# Quadrics vanishing on orbits in Pluecker coordinates

As in Example 6.9, we consider the following nets:

$\begin{split}\mathcal{L}_1=\begin{pmatrix}x&0&0&0\\0&x&0&0\\0&0&y&0\\0&0&0&z\end{pmatrix},\mathcal{L}_2=\begin{pmatrix}x&y&0&0\\y&z&0&0\\0&0&x&y\\0&0&y&z\end{pmatrix},\mathcal{L}_3=\begin{pmatrix}0&0&x&y\\0&-2x&-y&z\\x&-y&-2z&0\\y&z&0&0\end{pmatrix}\end{split}$

In Example 6.10, we claim that 85 quadrics (in dual Plücker coordinates) vanish on the orbit of $$\mathcal{L}_1$$, 189 quadrics vanish on the orbit of $$\mathcal{L}_2$$, which also vanish on the orbit of $$\mathcal{L}_3$$, and that 918 quadrics vanish on the orbit of $$\mathcal{L}_3$$. We also give examples of such quadrics. The goal of this code is to verify these claims.

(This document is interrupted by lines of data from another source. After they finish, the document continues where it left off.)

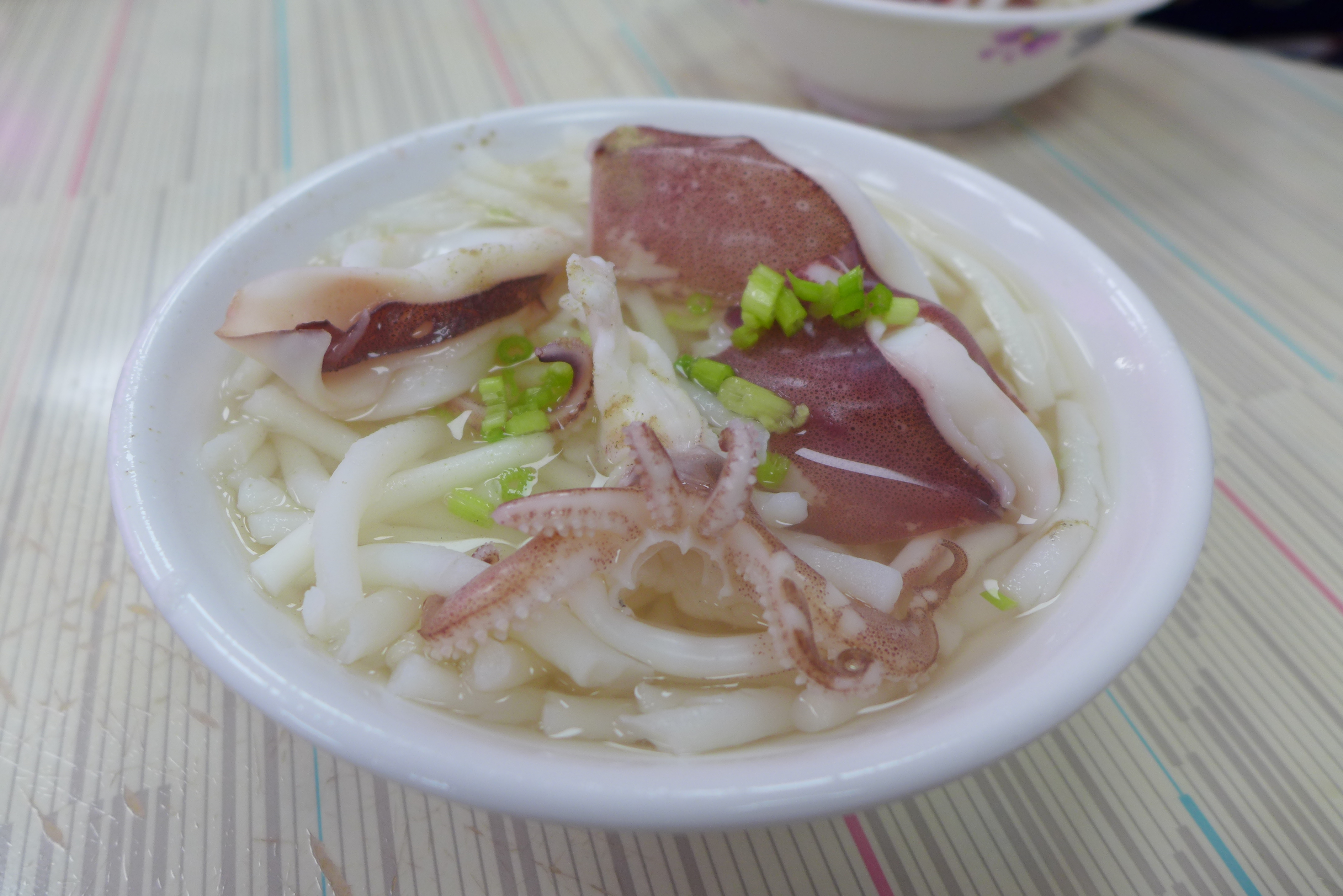 我便讓他們下車加入長龍。我和內人去找停車位,在過了2個路口的地下停車場停好車,走回店裡,M夫婦已排到前面。老闆看他們是日本人特別安排冷氣比較強的位子給我們。「葉家小卷米粉」的特色是小卷肥大新鮮,一碗切一隻,滿滿一碗,吃來確實過癮,米粉反而是配料。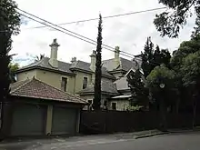 An 1892–3 two storey Victorian mansion with a slate roof, elaborate mouldings, cast iron lacework and bay windows. The street facade is dominated by a three-storey tower with a copper clad dome. Attractive mature planting and stone fence enhance its setting. St. Cloud has 9 main rooms, 3 downstairs. A billiards room was added in 1910. Later it became the administrative block for St. Joseph's Convent. In 1978 it returned to being a private residence. The tower has a copper clad dome and the spacious garden has a stone fence and mature planting.[1][6]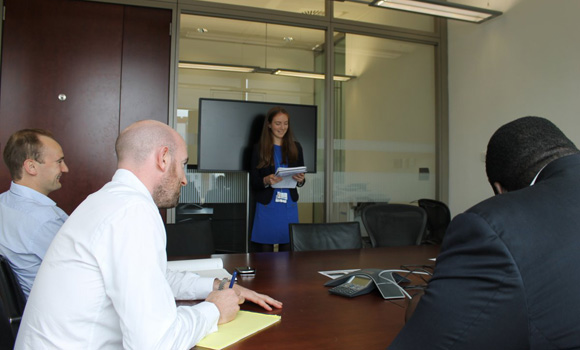 当天晚些时候,Sophie被要求在满屋分析师和其他实习生面前就欧洲股市做一个10到15分钟的演讲,这也是分析师与客户打交道时要做的。其间,分析师还会提出各种问题,整个过程友善但也很严格,为得就是让实习生们能够更加胜任之后的实际工作。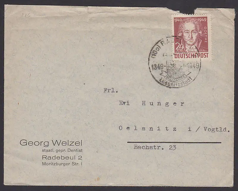 L”ssnitzstadt Radebeul SSt. 1349 - 1949, Fernbrief mit 24+16 Pfg. J. W. von Goethe (236)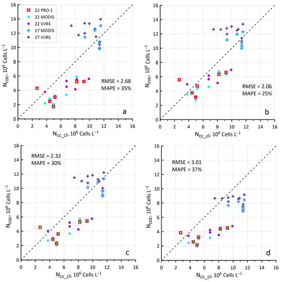 Comparison of the coccolithophore concentration Ncoc calculated from Rrs(λ) with different parameters of the regional algorithm Kcoc, Kriv, and bbp_bg, and measured Ncc_cl: (a) algorithm 2014 (1.0_1.0, Kriv = 2.74 × 10−3); (b) option “10%” (0.1_0.1, Kriv = 3.52 × 10−3); (c) option “50%” (0.5_0.5, Kriv = 3.52 × 10−3); (d) option “10% 2017” (0.1_0.1, Kriv = 5.13 × 10−3). Notations are the same as in Figure 2.

Our first goal is to parametrize the congruence orbits of $$\mathcal{L}_1,\mathcal{L}_2,\mathcal{L}_3$$ in the Grasmannian.

[1]:

# We generate variables for the action of GL(4)
R = PolynomialRing(QQ,['x'+str(i)+str(j) for i in range(1,5) for j in range(1,5)])
R.inject_variables()

# In stead of nets of symmetric matrices, we consider nets of quadrics.
# We generate their variables.
S.<a,b,c,d> = PolynomialRing(R,4)

# The congruence action replaces a,b,c,d by general linear combinations of themselves.
# We generate these.
[A,B,C,D] = [sum([R('x'+str(i)+str(j))*[a,b,c,d][i-1] for i in range(1,5)]) for j in range(1,5)]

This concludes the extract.